Professor | English and American Studies
Brown University
Daniel Y. Kim is Professor of American Studies and English at Brown University where he teaches classes in Asian American literature, American literature and Ethnic Studies. He has also taught as Norman Freehling Visiting Professor at the University of Michigan’s Institute for the Humanities and Visiting Assistant Professor of American Studies at Yale University.
He earned his PhD from the University of California, Berkeley and his AB from the University of Michigan. He is the author of The Intimacies of Conflict: Cultural Memory and the Korean War (NYU Press, 2020) and Writing Manhood in Black and Yellow: Ralph Ellison, Frank Chin, and the Literary Politics of Identity (Stanford University Press, 2006) and the co-editor (with Crystal Parikh) of The Cambridge Companion to Asian American Literature (Cambridge University Press, 2015). His essays have been published in a number of journals, including American Literary History, American Quarterly, Criticism, Cross-Currents, Journal of Asian American Studies, New Literary History, Novel, and positions: asia critique.

Minor Identifications: The Affective Politics of Empire in Cathy Park Hong’s Dance, Dance, Revolution
Abstract
This paper focuses on Cathy Park Hong’s long narrative poem Dance Dance Revolution (2007) which takes up the 1980 massacre in Gwangju in South Korea of pro-democracy student activists and civilians by a repressive military dictatorship—an era that testifies to the continuing afterlife of the Korean War.
This essay focuses on the minor identifications this poem attempts to engender—affective identifications that bring into Glissantian relation, the South Korean sub-imperial and US imperial legacies of Gwangju and settler colonial formations like Israel/Palestine.
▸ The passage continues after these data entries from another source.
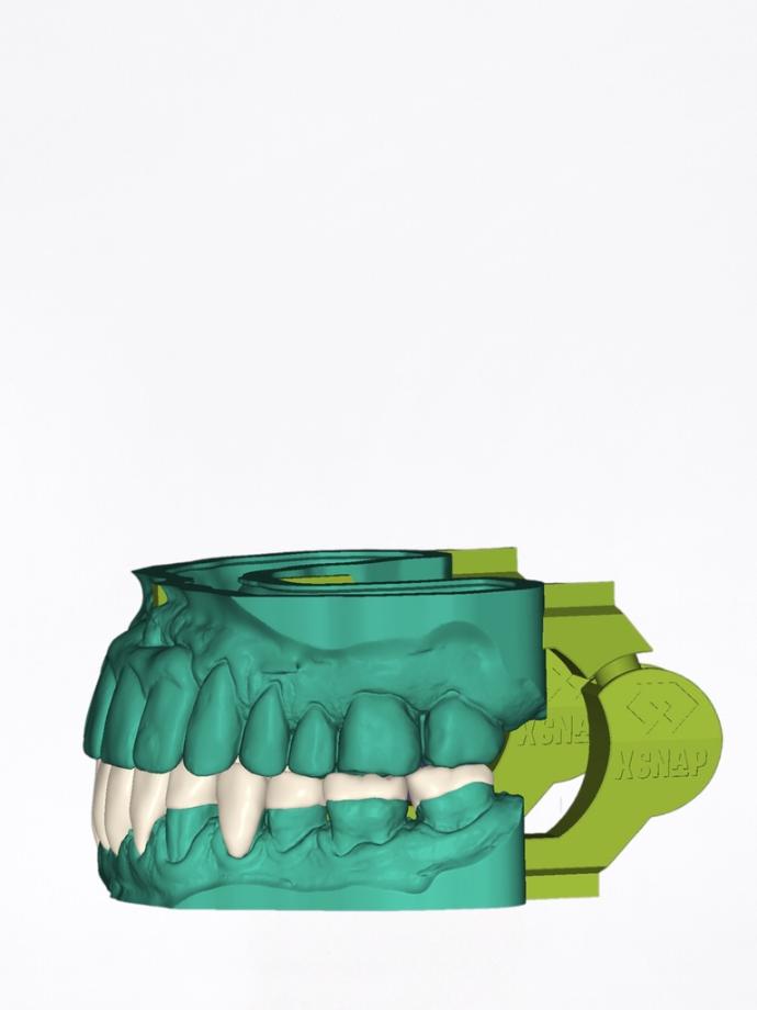 L’articolatore 3D del modulo xSNAP è dotato di una testa sferica che, a differenza degli articolatori clip-fold, consente sia il movimento di apertura e chiusura, ma anche la protrusione e la laterotrusione della mascella. Quattro tipi di inclinazioni consentono di eseguire il movimento di articolazione dei modelli anche senza regolazione manuale. Una guida regolabile dinamicamente permette di adattare il progetto ad ogni stampante, in base alle preferenze personali.
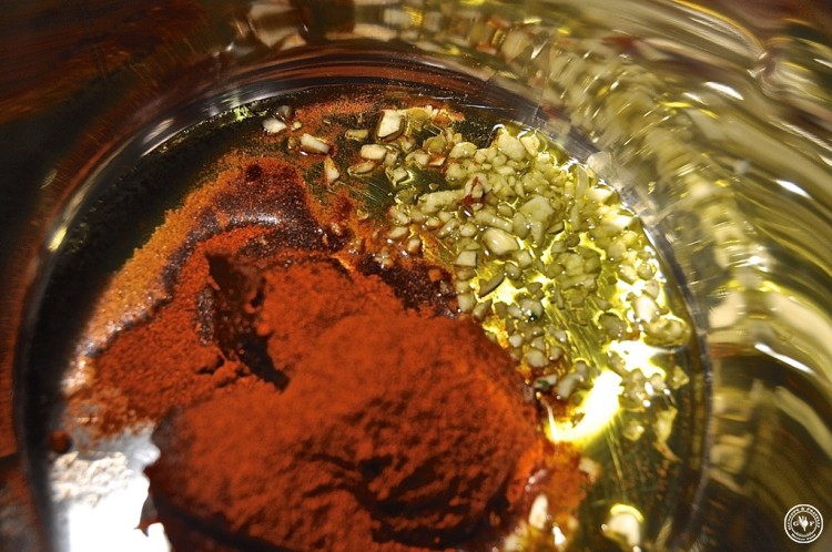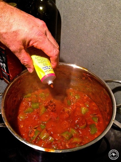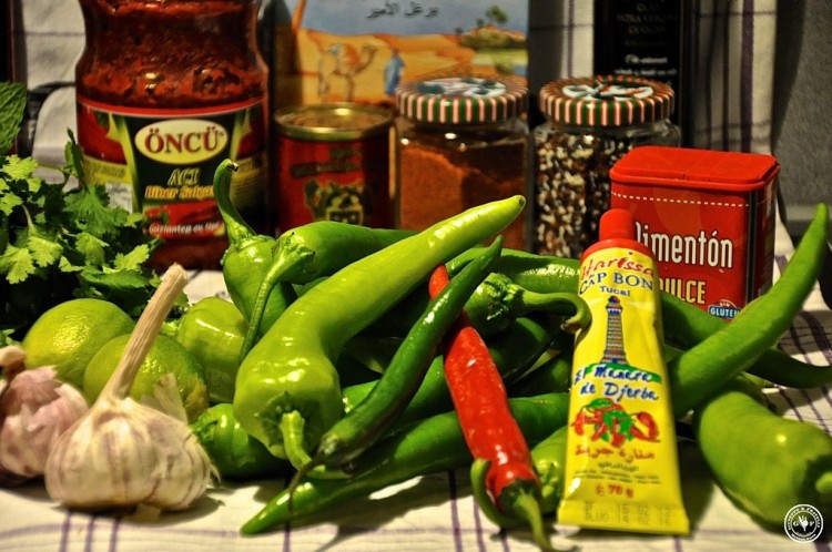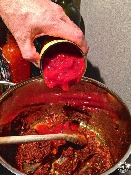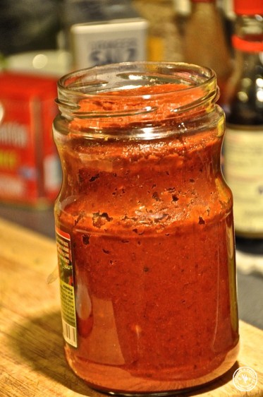 1 Knoblauchzehe, 1Tl Paprika edelsüß, 1 El Tomatenmark, etwas Salz und 1/2 Tl Harissa würzen und mit einer Dose gestückelte Tomaten und einer 1/2 Dose Wasser alles zusammen eine 1/2 Stunde köcheln lassen.
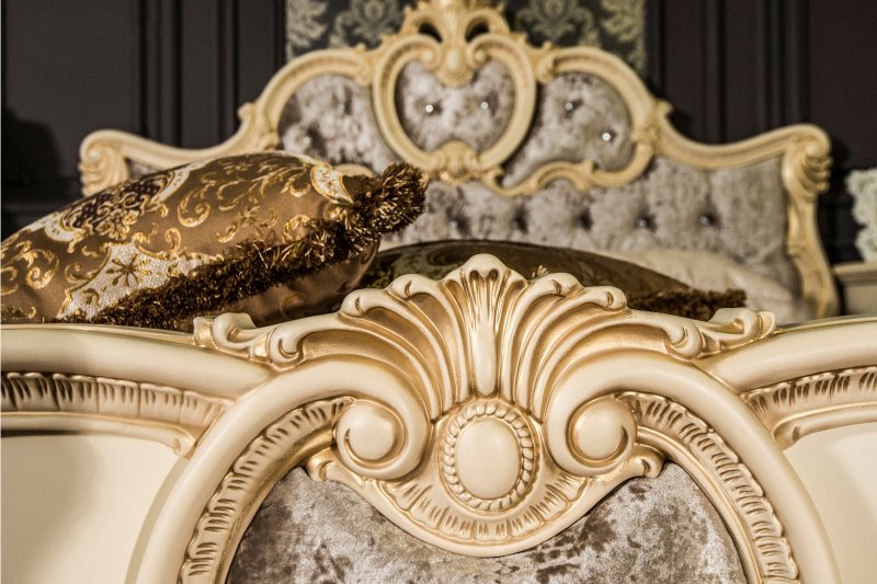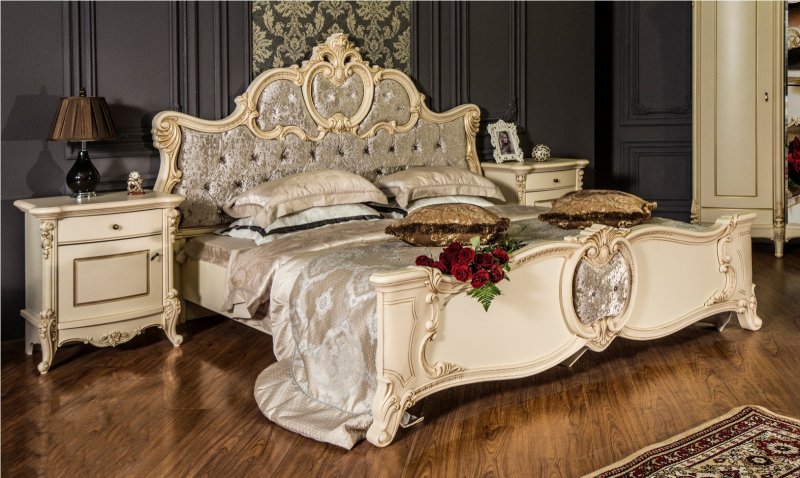 Спальня «Лорена» выполнена в классическом кремовом цвете или дерева-орех (караваджо). Кровать изящна, изголовье кровати обито тканью с бархатистым эффектом, выполнена в классических орнаментах, изножье украшено вставкой из шелкографии.
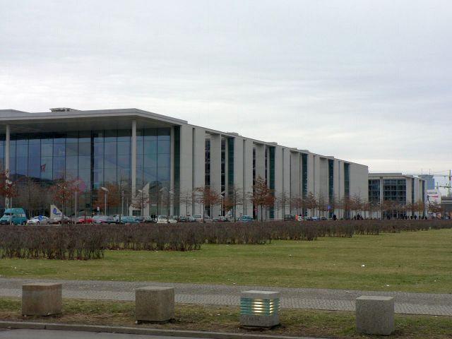 作為「聯邦紐帶」組成部分之一的聯邦總理府,由中間的九層主樓及向兩側延深的兩翼組成,上部 18 米高的半圓形是主樓的標誌,外牆則使用了玻璃面設計,使內部顯得透明、寬闊。

Hong’s experimental mode of storytelling—which traverses various languages and sites within the Global South—leaves readers to fill in the gaps between the kinds of military violence that took place in sites like Gwangju and that are currently being wreaked upon Palestinians by Israel, leading them to see the linkages between the US and its subimperial allies and to feel a connection between disparate histories of civilian slaughter.